I've gone through and done most of the Win10 optimizing lists and nothing helps. Up until this morning, I was just going to stay on 7, even though that would exclude me from Cubase 11 in November, but I just reinstalled everything on Win7 and now I'm missing the EXPORT VIDEO function. 

So, I feel stuck between 2 OS's. anyone have any idea off the top of their head as to what could cause such a drastic difference? My specs are below. 

THANKS!!!

***

Cubase Pro 10.5.12 
Dual Xeon E5 2660 2.6 v3
As Rock EP2C602-4L/D16
32Gbs Ram
(was originally a VisionDaw build)

Rednet 1 Interface
2 Rednet PCIe cards. One in the Main PC DAW described above and one in a print rig Mac Pro. 

7 Slaves (64 to 128gbs each)
Vienna Ensemble Pro 6

Nothing really crazy installed...
N I
Soundtoys
Eponential Audio
Izotope


----------



## Gerhard Westphalen (Mar 4, 2020)

Have you ruled out all plugins? 

In my experience, the settings in Windows 10 don't really have any significant effect on performance. I've found that if a particular computer has issues, no matter how much you try to fix it, you can't once you rule out the basics. Just need to get a new system (particularly mobo). 

I've had 2 computers now where I spent over 3 years troubleshooting specific issues and was never able to solve them. Trust me when I say that I tried everything.

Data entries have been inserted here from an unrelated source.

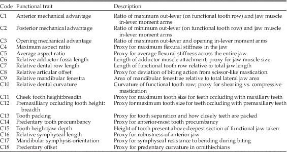 Data for 2D landmark and biomechanical trait analyses were compiled from 167 sauropodomorph and ornithischian dinosaur taxa (see Supplementary Information, Appendix 6). Herbivorous nonavian theropods were excluded from this data set, as complete mandibular material for these animals is rare. A mandibular biomechanical profile represents a good proxy for characterizing the feeding system, as the mandible is primarily adapted for feeding, whereas the cranium has multiple functional roles, some of which are unrelated to feeding, such as housing the brain and sensory organs (Hylander et al. Reference Hylander, Picq and Johnson1991; Hylander and Johnson Reference Hylander and Johnson1997).
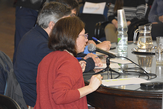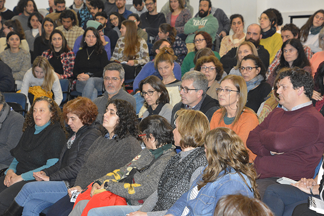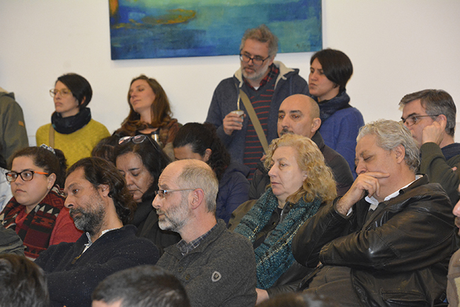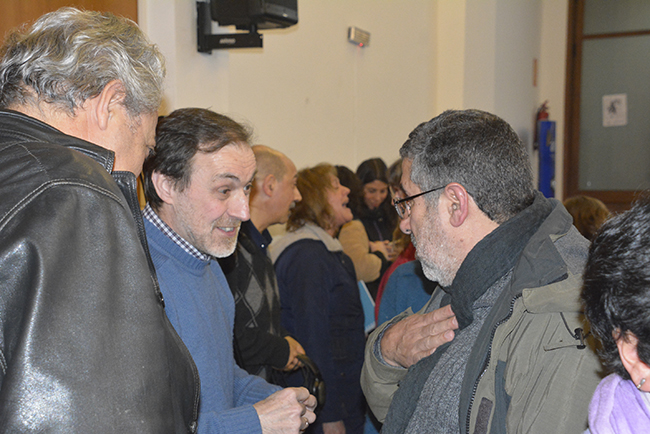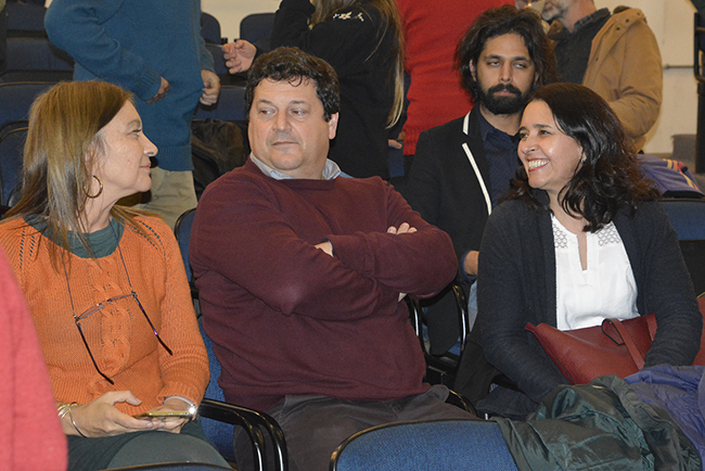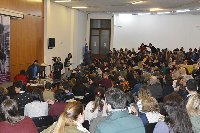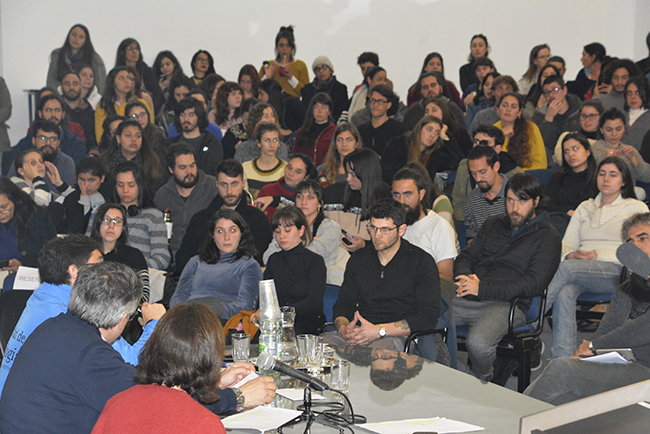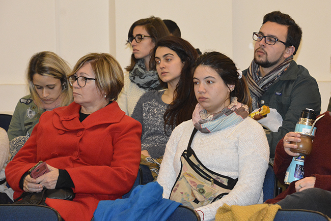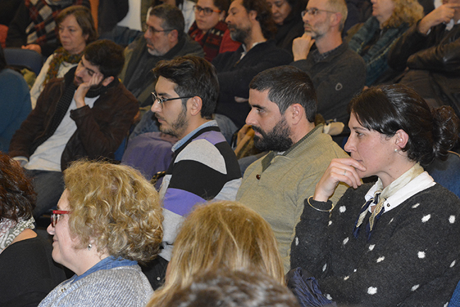 Luego de unos minutos de espera, los candidatos se hicieron presentes en el Aula y el profesor Irrazábal tomó la palabra para agradecer a las y los presentes.
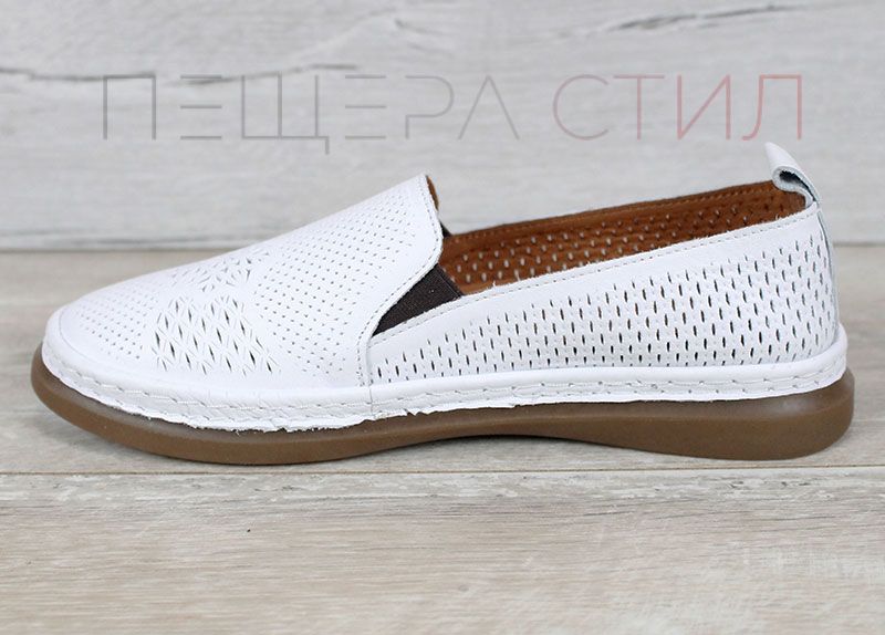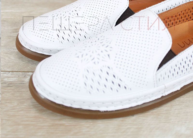 Ситната перфорация придава елегантен завършек и осигурява добра вентилация, което прави обувките подходящи за продължително носене през деня. Белият цвят подчертава чистата линия на дизайна и позволява лесно комбиниране с различни стилове.
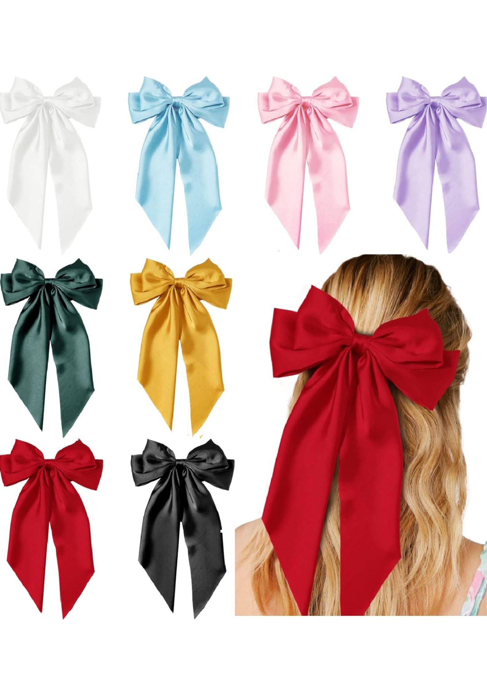 8 pcs Hair Bow Style Guide: Best Velvet, Crochet, & Silk Hair Bow Clips for Adults | How to Style Pink, Red & Black Bows

At the end of the day it was out of my control in Windows (7 or 10). New computer on the otherhand, no issues whatsover without changing any settings in Windows 10. Also had a Windows 8 computer that worked flawlessly out of the box. In my case changing operating systems never helped so maybe you're having something that is solvable if it worked with 7.


----------



## rhizomusicosmos (Mar 4, 2020)

It may be a driver that isn't related to audio but still causing DPC latency issues, such as a Win10 driver for network or video hardware. Have you tried trouble shooting with LatencyMon? https://www.resplendence.com/latencymon

In my Win7 system, I changed out a Geforce graphics card for a Radeon card and improved performance markedly.


----------



## ChristopherDoucet (Mar 6, 2020)

Gerhard Westphalen said:


> Have you ruled out all plugins?
> 
> In my experience, the settings in Windows 10 don't really have any significant effect on performance. I've found that if a particular computer has issues, no matter how much you try to fix it, you can't once you rule out the basics. Just need to get a new system (particularly mobo).
> 
> I've had 2 computers now where I spent over 3 years troubleshooting specific issues and was never able to solve them. Trust me when I say that I tried everything. At the end of the day it was out of my control in Windows (7 or 10). New computer on the otherhand, no issues whatsover without changing any settings in Windows 10. Also had a Windows 8 computer that worked flawlessly out of the box. In my case changing operating systems never helped so maybe you're having something that is solvable if it worked with 7.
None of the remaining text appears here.